海外の試験で用いられた坐薬の基材の記述が見当たりませんが、国内の製剤で用いられているハードファットよりも吸収が良いのでしょうか。
国内と国外の製剤でさほど大きな吸収の差はないんじゃないかという気がするのですが…。
血中濃度の推移からアセトアミノフェンは経口のほうが早く効く!という説は個人的にはちょっと支持できないかなぁと思いました。差があったとしても臨床的に意義のある差ではなさそうだという印象。
小さいお子様だと坐薬の使用は困難かと思います。物心ついてきたお子様だと心理的に抵抗もあるでしょう(発熱でぐったりしていたらそれどころではないかもしれませんが)。
個人的には嘔吐を繰り返しているような状態でなければ、経口投与が良いかなと思います。坐薬と同じくらい効くなら口から飲むほうがいいですよね。
ただ、飲み薬が大嫌い!というお子様であれば、坐薬のほうが嫌がらずに使用できるという可能性もありますね。

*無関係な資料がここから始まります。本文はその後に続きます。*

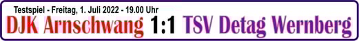 In einem intensiven Testspiel kam der TSV Detag Wernberg bei Bezirksligaabsteiger DJK Arnschwang nicht über ein 1:1-Unentschieden hinaus. In der Anfangsphase ließen die Köblitzer bei klarer Überlegenheit einige gute Chancen zur Führung liegen, dann bauten sie den Gegner durch zu unpräzise Anspiele ins Zentrum auf, so dass auch dieser seine Chancen bekam. Mit dem Halbzeitpfiff dann der Arnschwanger Führungstreffer, der nach klarer Abseitsstellung und einem verwandelten Foulelfmeter zustande kam. Im zweiten Abschnitt befanden sich die Lila-weißen zwar ständig im Vorwärtsgang und hatten auch einige Möglichkeiten, die jedoch nicht verwertet wurden. Lediglich dem eingewechselten Thimo Luff gelang durch einen verwandelten Handelfmeter der hoch verdiente Ausgleich (68.). SPIELDATEN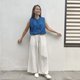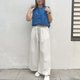 宽腿裤版型优雅大方,前褶设计,侧边隐形拉链,后腰松紧设计,穿着舒适贴合身形。配有两侧口袋,实用又时尚。米色纯棉面料,经水洗柔软,透气舒适,适合通勤或日常休闲穿搭。

結局、効果に大きな差はなさそうなので、患者個々の特性にあわせてケースバイケースで剤形を選択するといったところでしょうか。
※おまけ
いくつかアセトアミノフェンの文献を取り上げましたが、すべて体温を直腸温で測定しています(どの試験でも38℃台の半ば以上といった高熱患者が対象となっている)。
一般に体温は、直腸温>口腔温>わきの下
と言われており、その差は、(Comparison of rectal, axillary, and forehead temperatures. - PubMed - NCBIArch Pediatr Adolesc Med. 1996 Jan;150(1):74-8.)においては、わきの下の温度+約1℃=直腸温
Mayo Clinicによれば(Thermometer basics: Taking your child's temperature - Mayo Clinic)発熱の定義は、
•Has a rectal, ear or temporal artery temperature of 100.4 F (38 C) or higher
•Has an oral temperature of 100 F (37.8 C) or higher
•Has an armpit temperature of 99 F (37.2 C) or higher
となっており、やはりわきの下の温度と直腸の温度は1℃くらい離れているようです。
今回とりあげたアセトアミノフェンの文献、みな高熱患者が対象とされていますが、すべて直腸温なので、わきの下で測定したら38度前後という患者さんも含まれるでしょう。体温の測定方法が違うことによるギャップは留意しておく必要があるかもしれませんね。